Lastly we may cite the opinion of the learned Judge, Mr. Justice Byles in the testimonial he gave us '—" I observe that in your economical writings you have assailed Ricardo's Theory of Rent. Fifty years ago I not only read Ricardo's book, but actually abridged it. Subsequent reflection and observation have convinced me that that theory is unsound, as indeed, is most of his book." We are happy to cite these testimonies all agreeing with our judgment.

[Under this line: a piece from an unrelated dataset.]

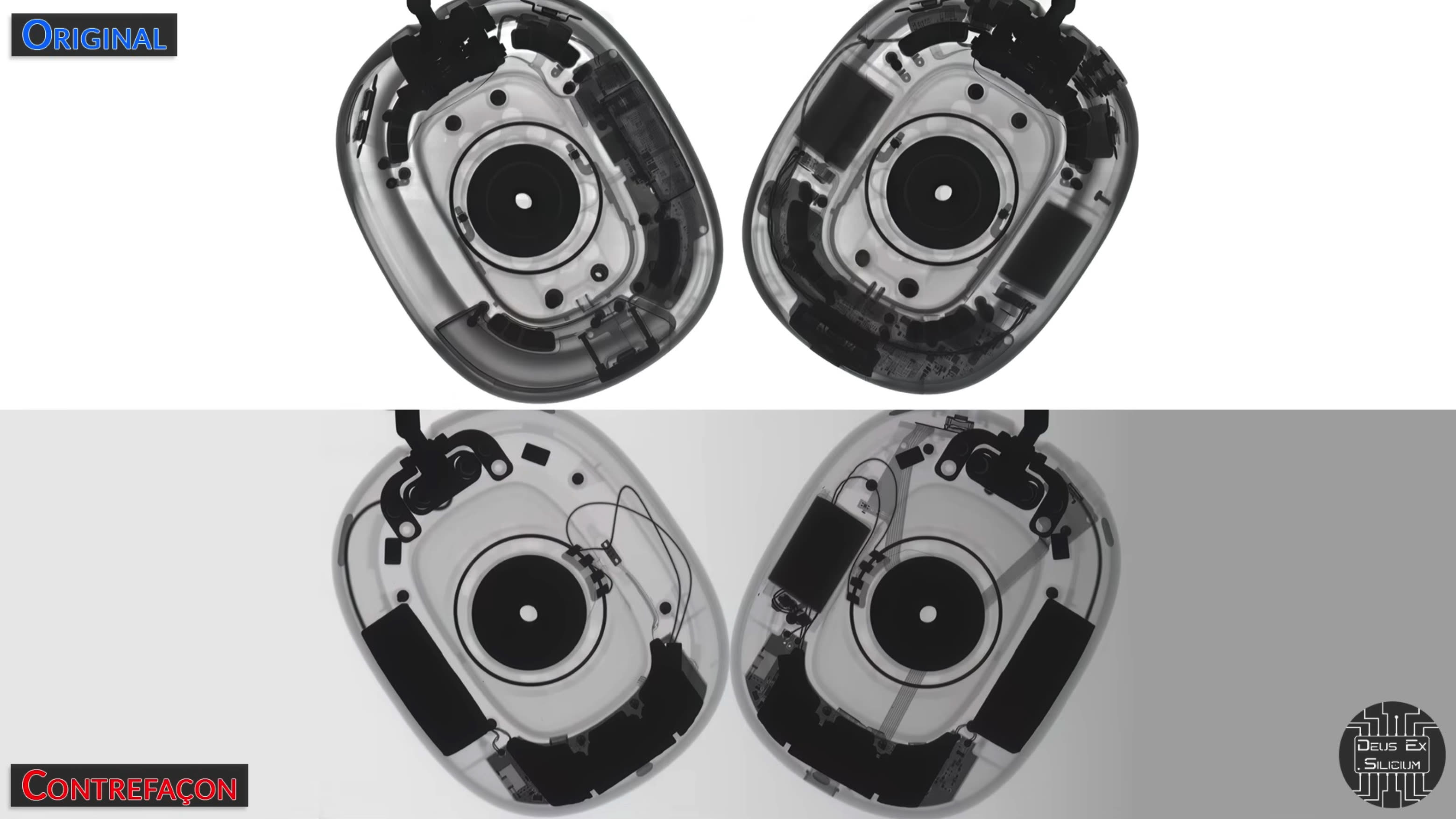 According to Deus Ex Silicium’s analysis, externally, nothing betrays the copy. Even the screws used are identical to those on the original AirPods Max, despite being uncommon. The weight is also the same. However, a first clue appears when clinking the earcups together: the authentic one sounds dense, while the counterfeit sounds hollow – a difference that is difficult to observe without having the original in hand simultaneously.

6. We have seen that Anderson and Ricardo with his followers McCulloch and Mr. Mill all make Rent to arise from differences in the returns to Capital, either from difference of fertility, situation, or differences of Capital applied to the same soil. And unless there were these differences of returns, it is manifest from the extracts given from these writers, that according to their theory, there could be no such thing as rent. Now let us suppose some vast plains of illimitable extent on the earth's surface, all of uniform fertility, with markets thickly distributed over them so that their situation is uniform, and also equal amounts of capital expended on the soil; such as the plains of Bengal, or Lombardy, or such as the plains of South America along the Amazons might be. Now in such a country as this could not there be such a thing as Rent? According to the doctrine of Ricardo, McCulloch, and Mill, there could not be such a thing as Rent in such a country! The very statement of such doctrine is enough to call forth the amazement and ridicule of any practical man of business.

7. We have now to develope the Theory of Rent which is independent of differences of fertility, or differences of situation, or of differences of return to Capital.

First: What is the first thing necessary in order that Rent should arise?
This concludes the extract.